## Task objective
Return, without pictures, the lines from the start of the data through the one that contains "Huset er lyst".

## Data section
--- START ---
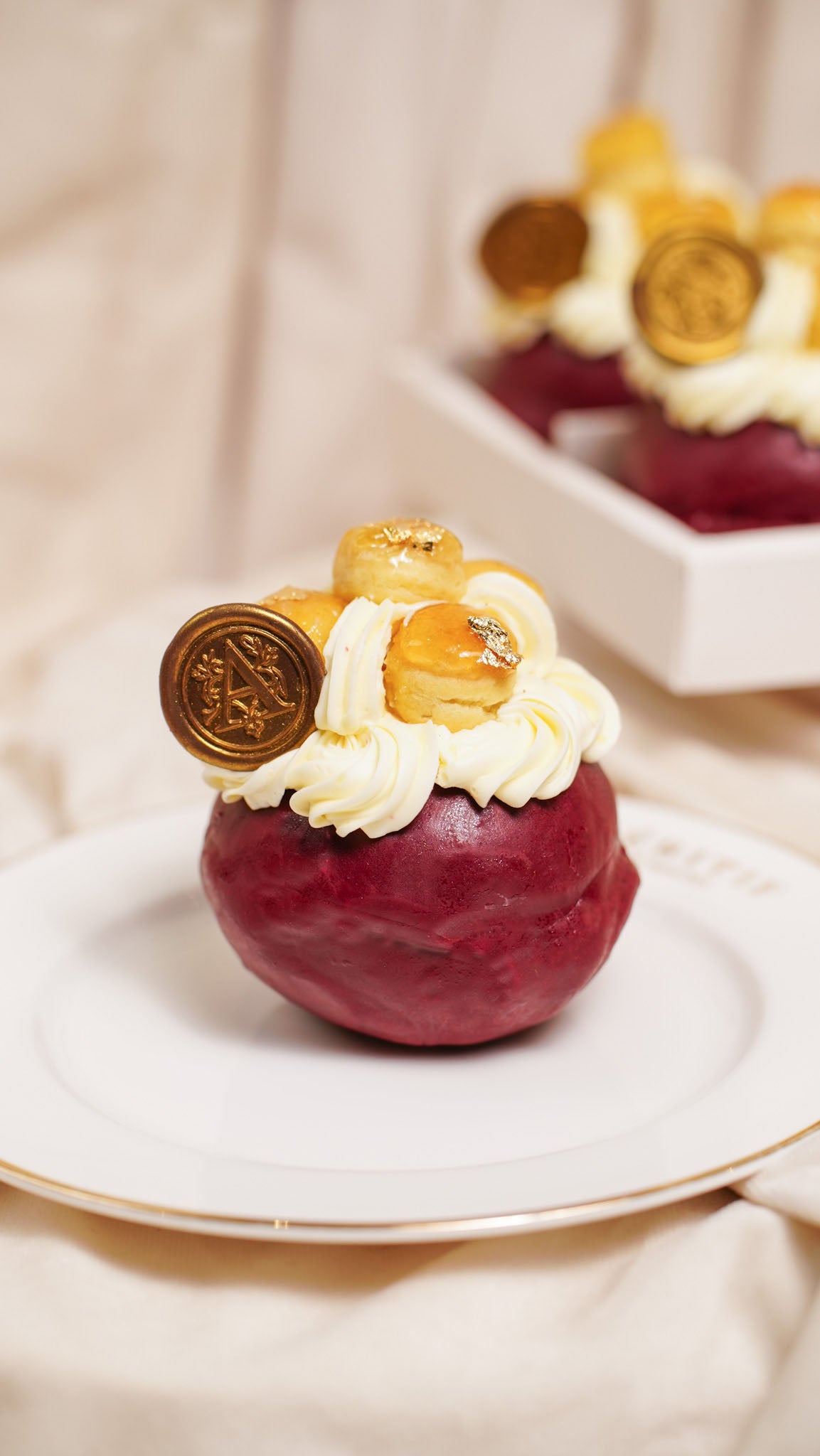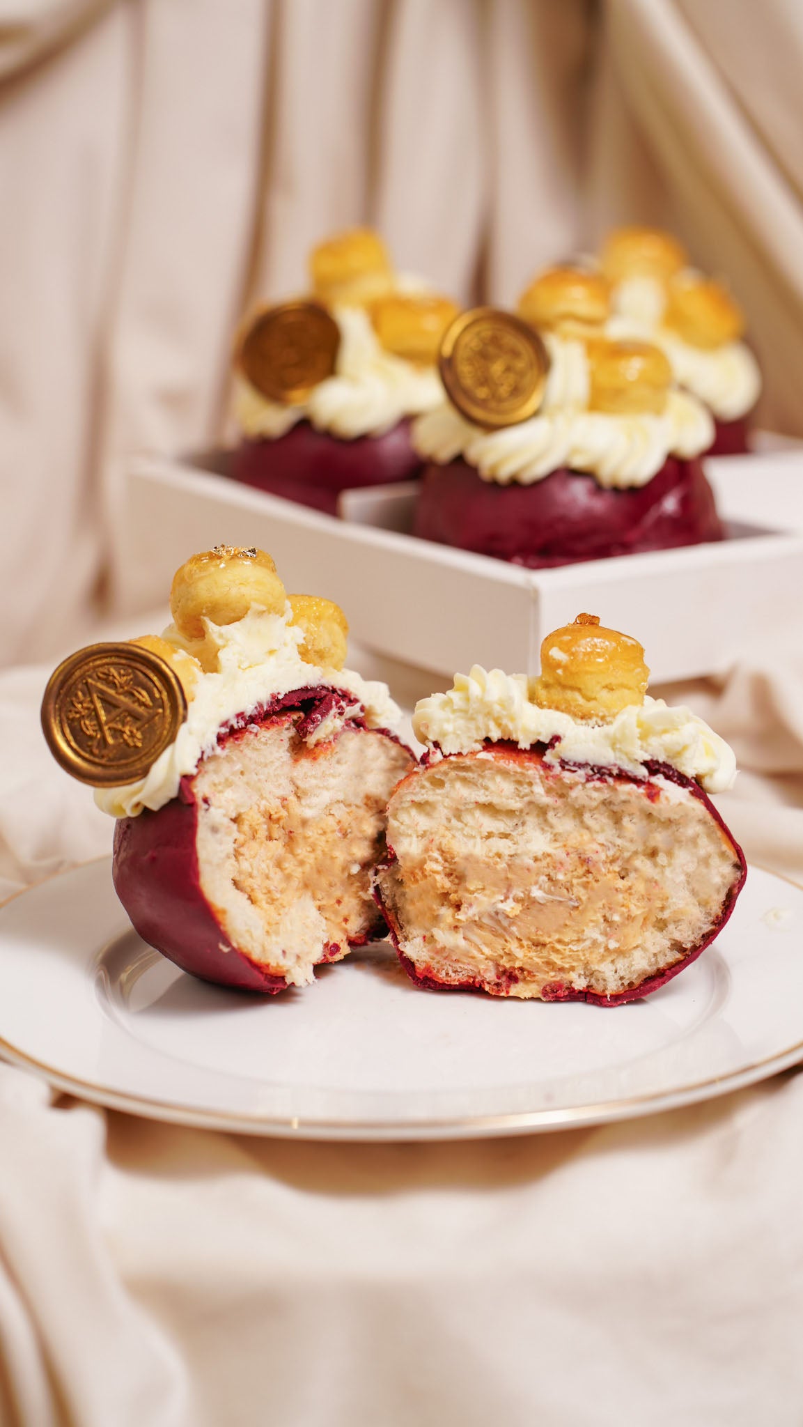 Rich, pillowy, and delightfully romantic. A sweet little fantasy of hazelnut cream, soft dough, and airy clouds of St. Honoré cream puffs. A Valentine’s treat made to be admired before it’s devoured. ✨
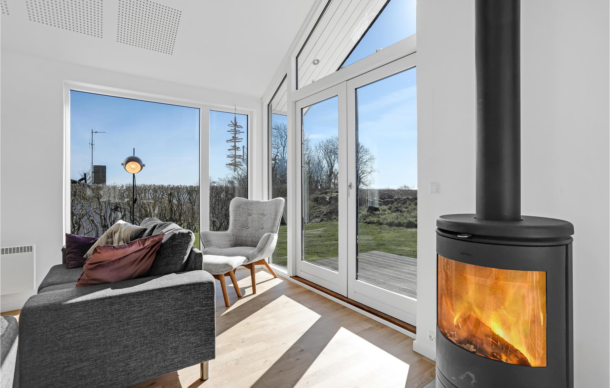 Huset er lyst og moderne indrettet. Åbent til kip skaber en rummelig og meget hyggelig atmosfære. Den dejlige opholdsstue er udstyret med komfortable møbler at flade ud i, en brændeovn til de køligere sæsoner, og fjernsyn med Apple TV til underholdning om aftenen og på regnfulde dage. Store glaspartier lukker meget lys ind og giver et dejligt udsyn til hav og grønne omgivelser. I det åbne og veludstyrede køkken er det nemt at tilberede lækre måltider. Der er gulvvarme på husets badedværelse.
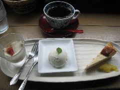 | 「アースガーデン」のスイーツセット | 奥多摩湖の風景@ (この時点では少し晴れています) |
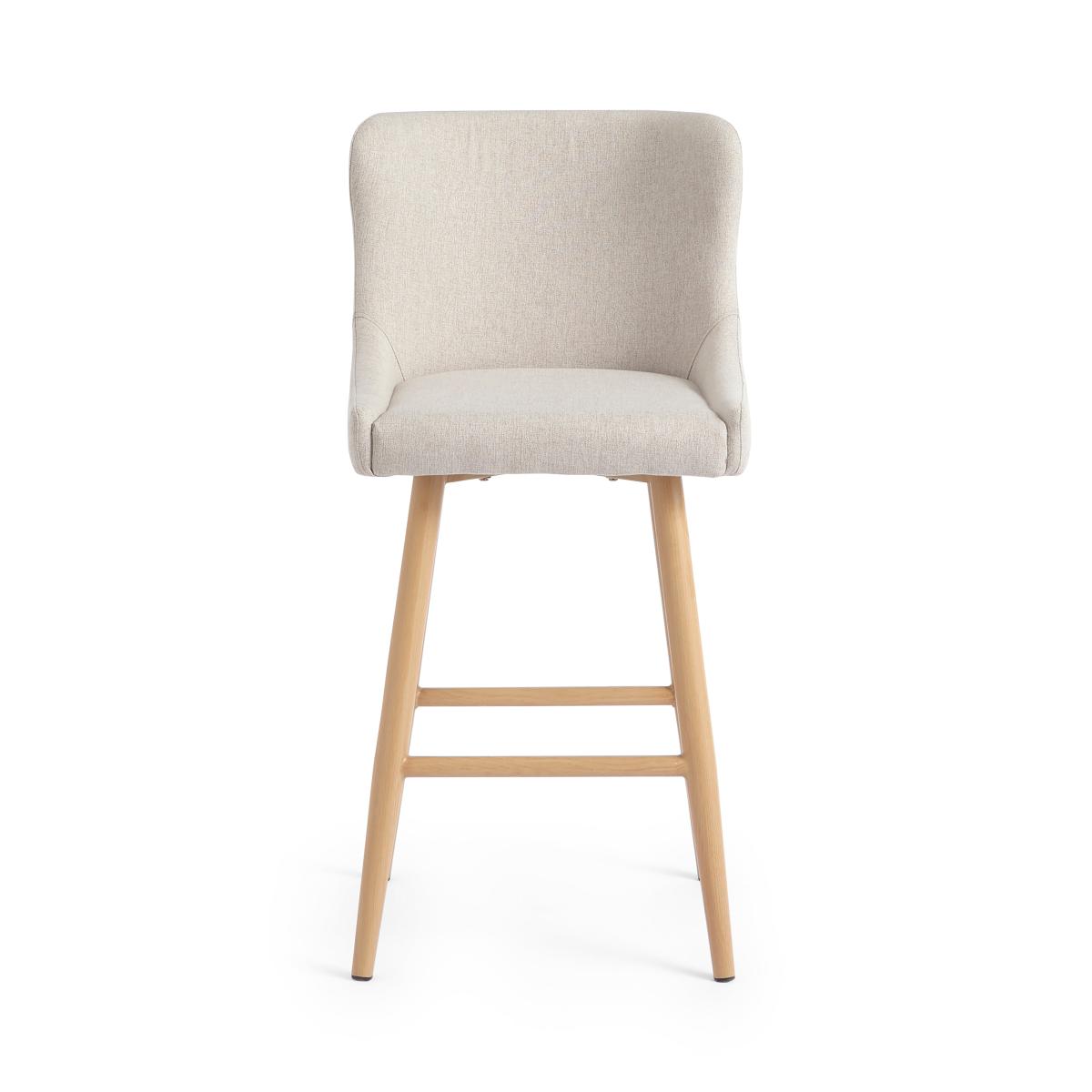Embrace classic elegance with this Montreal bar stool, The natural tones of the super soft fabric upholstery, combined with wood effect legs, create a warm and inviting ambiance in your home. Designed at counter height, this bar stool ensures optimal comfort for your bar or kitchen island seating. The curved backrest adds a touch of sophistication while providing ample lumbar support during long gatherings. This bar stool not only boasts an attractive appearance but also delivers durability and stability through its wooden legs.
--- END ---
## Solved exercise
 Rich, pillowy, and delightfully romantic. A sweet little fantasy of hazelnut cream, soft dough, and airy clouds of St. Honoré cream puffs. A Valentine’s treat made to be admired before it’s devoured. ✨
 Huset er lyst og moderne indrettet. Åbent til kip skaber en rummelig og meget hyggelig atmosfære. Den dejlige opholdsstue er udstyret med komfortable møbler at flade ud i, en brændeovn til de køligere sæsoner, og fjernsyn med Apple TV til underholdning om aftenen og på regnfulde dage. Store glaspartier lukker meget lys ind og giver et dejligt udsyn til hav og grønne omgivelser. I det åbne og veludstyrede køkken er det nemt at tilberede lækre måltider. Der er gulvvarme på husets badedværelse.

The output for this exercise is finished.